* What to do *
Copy each line of the listing below exactly and drop the images.

* Source data *

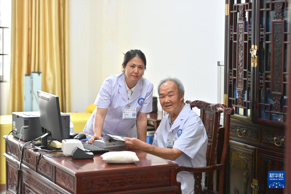 在梧州市中医医院,余永志(左)和父亲余培南在办公室合影(10月8日摄)。84岁的广西名老中医余培南“悬壶济世”近60年,一生致力于民族医药研究和发展。50岁的余永志是余培南的女儿,受父亲影响,从小就对民族医药产生浓厚兴趣。从学校毕业后,余永志成为梧州市中医医院的医生。如今,她每天接送父亲上下班,照料父亲的生活起居。
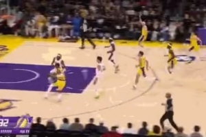 GIF-八村塁反击被切球,裁判吹出界;湖人挑战成功,阿夫迪亚犯规
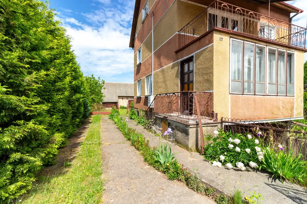- piwnica: garaż (ok. 23m2) z pomieszczeniem gospodarczym, kotłownia, kuchnia z piecem kaflowym:

* Written solution *
 在梧州市中医医院,余永志(左)和父亲余培南在办公室合影(10月8日摄)。84岁的广西名老中医余培南“悬壶济世”近60年,一生致力于民族医药研究和发展。50岁的余永志是余培南的女儿,受父亲影响,从小就对民族医药产生浓厚兴趣。从学校毕业后,余永志成为梧州市中医医院的医生。如今,她每天接送父亲上下班,照料父亲的生活起居。
 GIF-八村塁反击被切球,裁判吹出界;湖人挑战成功,阿夫迪亚犯规
- piwnica: garaż (ok. 23m2) z pomieszczeniem gospodarczym, kotłownia, kuchnia z piecem kaflowym:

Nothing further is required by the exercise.